Low humidity and lack of ultraviolet (UV) radiation exposure were mainly blamed for the aggravation of the psoriasis in fall/winter.19,20 It has been known for centuries that sunlight can improve many inflammatory skin conditions, including psoriasis. UV radiation has been generally used in treating psoriasis for decades. Wide variation in the prevalence of psoriasis among populations could be attributed to the regional disparity of UV exposure.23 Low temperature makes heavy clothing necessary, thus leading to the deficiency of UV exposure. The mechanisms of UV in clearing psoriasis as follows. First, UV radiation is the main source of cutaneous vitamin D production. Significant associations between the low serum vitamin D level and psoriasis were found.24 Low level of vitamin D cannot prevent skin lesions from inhibiting the proliferation and inducing differentiation of keratinocyte.25,26 Second, UV suppresses the immune response by inhibiting Th17/IL-23 axis27,28 and type 1 T-cell pathway,29–31 inducing T-cell apoptosis,32,33 followed by normalization of epidermal hyperplasia in vivo.34,35 In addition, UV contributes to apoptosis in lesional epidermis, especially the keratinocytes.36,37 Though the improvement of skin lesions was mainly related to sun exposure, the majority of psoriasis cases reported relief in summer and exacerbation in winter, few presented worse conditions due to photosensitivity.19 The relationship between skin and UV is complexed. Photoadaptation is a protective mechanism that the skin damage of the response to exposure to UV reduces after repeated exposures, which was verified in phototherapy for psoriasis.38 The melatonin, a hormone connected with light (seasonality and circadian rhythm), was found to have utility of maintaining skin homeostasis by suppressing of UV-induced photodamage.39 Exposure to low humidity and low temperature could cause skin hydration decreasing.40,41 The seasonal variation of skin hydration was also confirmed by Raman spectra in healthy skin.42 Low environmental humidity causes the impairment of the skin barrier function and the increased susceptibility towards mechanical stress, resulting in marked epidermal hyperplasia.43 However, the damp environment is also confirmed as the risk factor in the aggravation of psoriasis.7 The ideal humidity level in patients with psoriasis remains unknown.

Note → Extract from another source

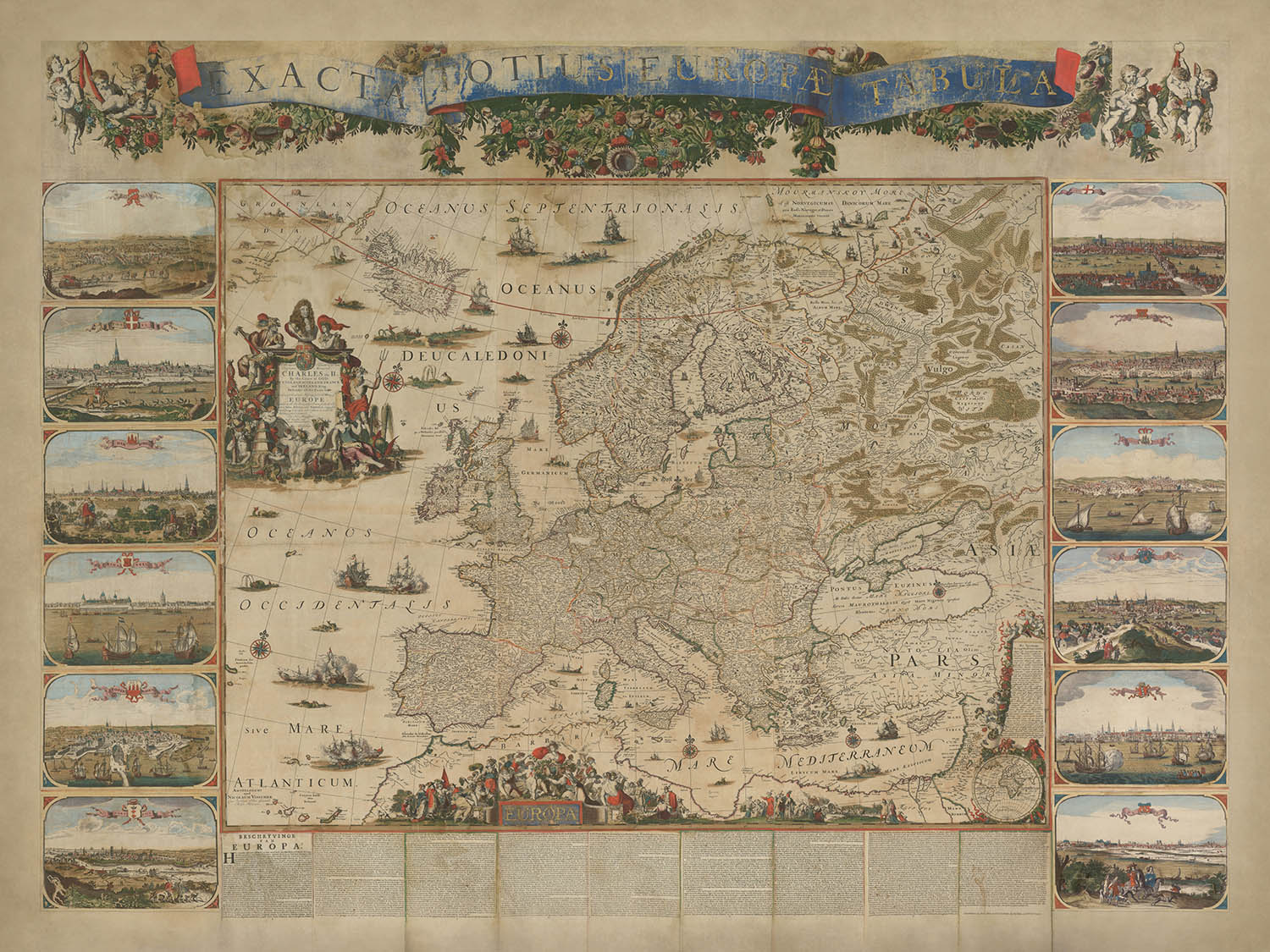 Visscher’s artistic brilliance is on full display in this map, which blends cartographic precision with elaborate decorative elements. The map’s central focus is a detailed rendering of Europe, featuring meticulously drawn coastlines, rivers, and mountain ranges. Surrounding the map are vibrant allegorical illustrations, including a portrait of King Charles II, maritime scenes, and symbolic depictions of unity and power. These embellishments elevate the map from a practical tool to a work of art, reflecting the grandeur and aspirations of its time.

Actually, not all patients had the seasonal patterns of psoriasis. Our data showed 46.8% patients did not report the aggravation of psoriasis in autumn/winter. We explored the seasonal variation of psoriasis and its potential risk factors for the first time. Occupations with more sunlight exposure seemed to be the protective factor to psoriasis aggravation in cold weather, especially for late-onset psoriasis, which could be explained as the sun exposure during the cold and dry seasons alleviates the skin conditions. In view of the efficacy of ultraviolet irradiation on psoriatic lesions, phototherapy and climatotherapy (such as Dead Sea climatotherapy) are generally used as therapies for psoriasis. However, the further study between the natural UV exposure and disease severity in psoriasis is warranted.
Pascoe and Kimball estimated the seasonal variation in psoriasis by using Physician’s Global Assessment (PGA) scales and disease clearing level.20 Different from the study, our data showed that age showed a negative relationship with the seasonal aggravation, contrary to disease duration. Different evaluations of disease severity make the difference, on account of the discordance between objective measurement and patient self-report.44 Still, the non-sampling error cannot be avoided if the study based on patient-reported outcomes.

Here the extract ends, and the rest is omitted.